Work instruction – Retype the data exactly, from its first line to the line containing "- The mass loadings", including both, and skip any picture.

Given data –
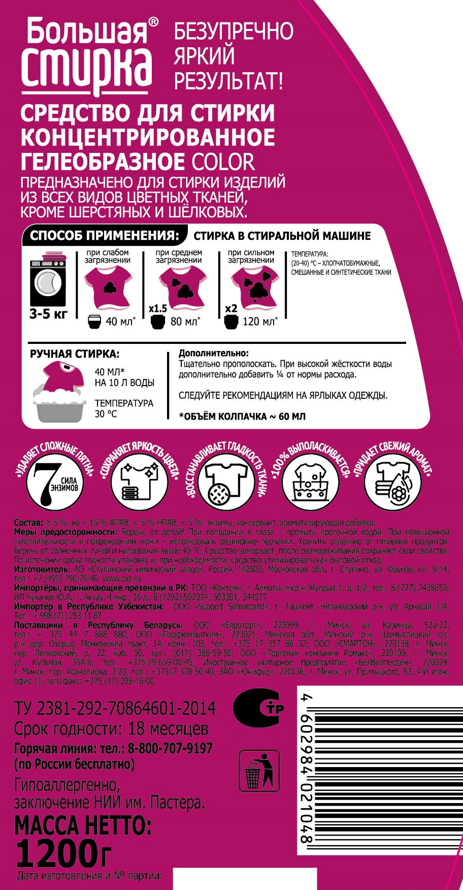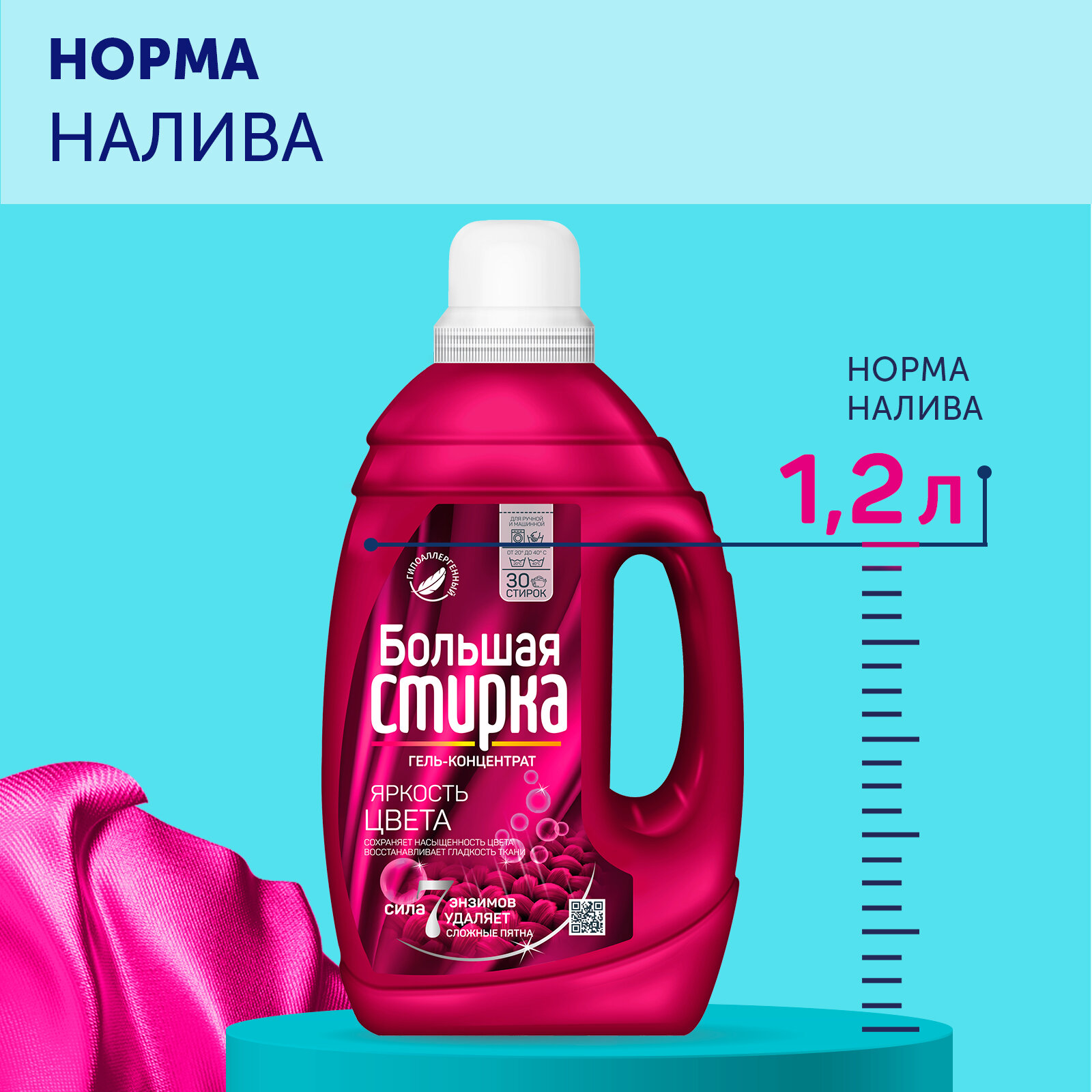СохранитьБольшая Стирка Гель для стирки цветного белья, Порошок жидкий 1,2 л интересное:
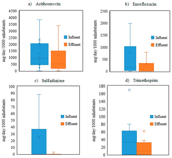- The mass loadings of the antibiotics ranged from 11,332 mg/day·1000 inhabitants to undetectable levels. Azithromycin had the highest mass loadings, followed by enrofloxacin, trimethoprim, sulfadiazine and amoxicillin.
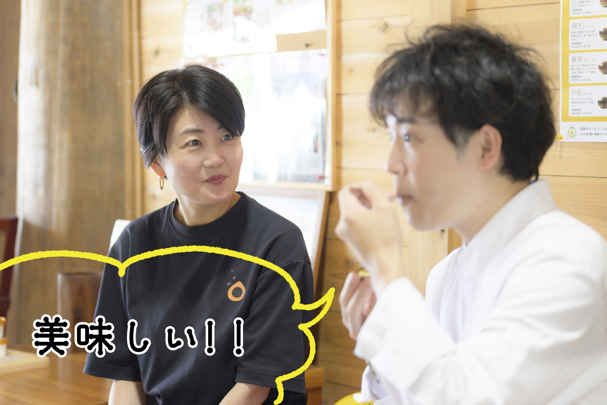 中でもシェフが気になっていた様子だったのは、「大粒栗のほくほくカレー」。繁實さんのアイデアで、ジャガイモの代わりに熟成栗を入れてみたのだそう。「意外な組み合わせと思いましたが、スパイスの辛みの中に栗の甘みと旨みが加わったら美味しそうですね」とシェフも納得のコンビネーションです。
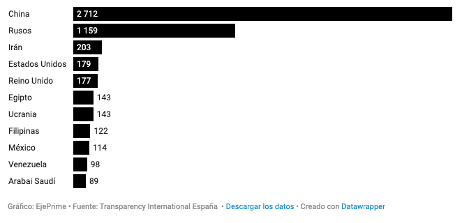Selon un rapport réalisé par l’organisation internationale Transparency International, dédiée au mouvement anti-corruption, à travers différentes questions posées au ministère espagnol des Affaires étrangères et au ministère de l’Inclusion, de la Sécurité sociale et des Migrations, entre 2013 et 2023, 6.200 concessions de visas dorés ont été accordées, pour un montant total d’investissements de 3 423 millions d’euros, et 96% d’entre elles ont été réalisées avec l’achat d’un bien immobilier.
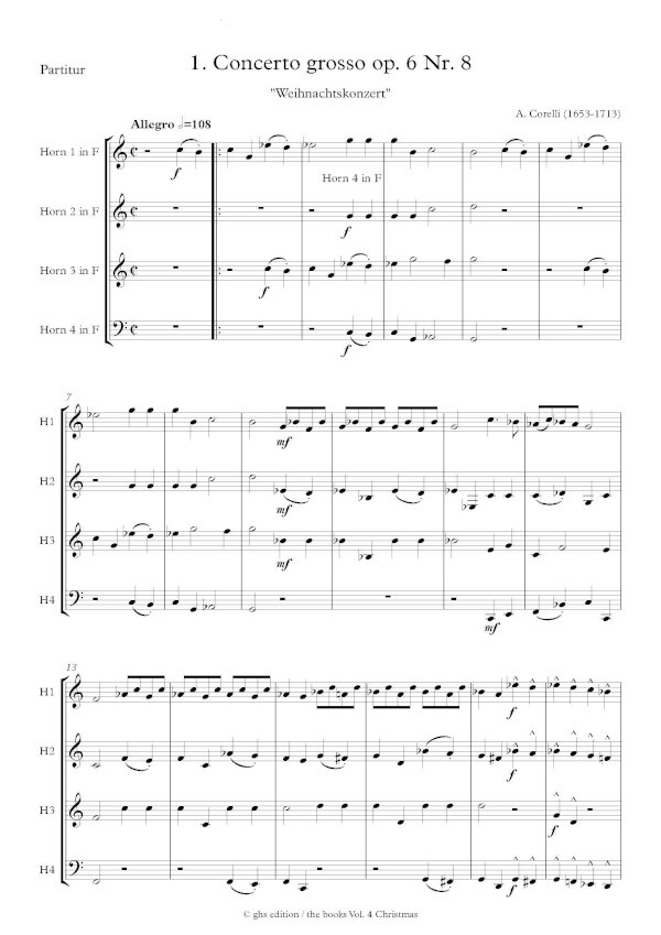 1. A. Corelli (1653-1713): Concerto grosso op. 6 Nr. 8 (Arr. Christoph Eß)
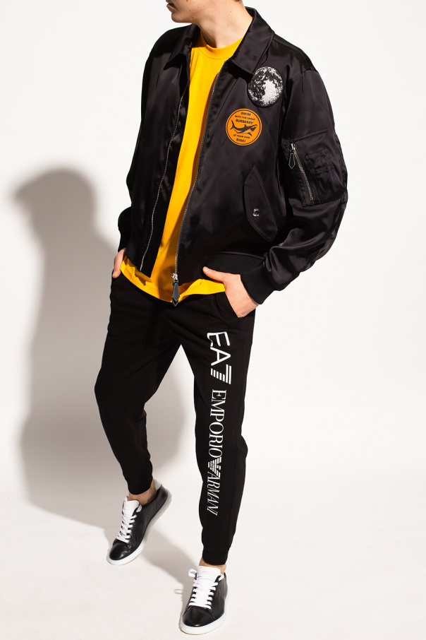 Black sweatpants from EA7 Emporio Armani. Fastened with drawstrings, this design features a white logo print, two front slip pockets and ribbed cuffs.
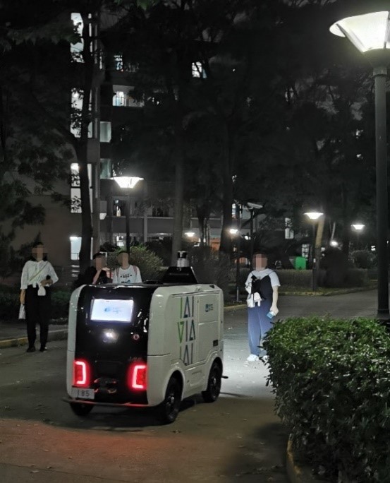 (图为在宿舍楼下停靠等待同学取件的无人车)

Problem solution –
СохранитьБольшая Стирка Гель для стирки цветного белья, Порошок жидкий 1,2 л интересное:
- The mass loadings of the antibiotics ranged from 11,332 mg/day·1000 inhabitants to undetectable levels. Azithromycin had the highest mass loadings, followed by enrofloxacin, trimethoprim, sulfadiazine and amoxicillin.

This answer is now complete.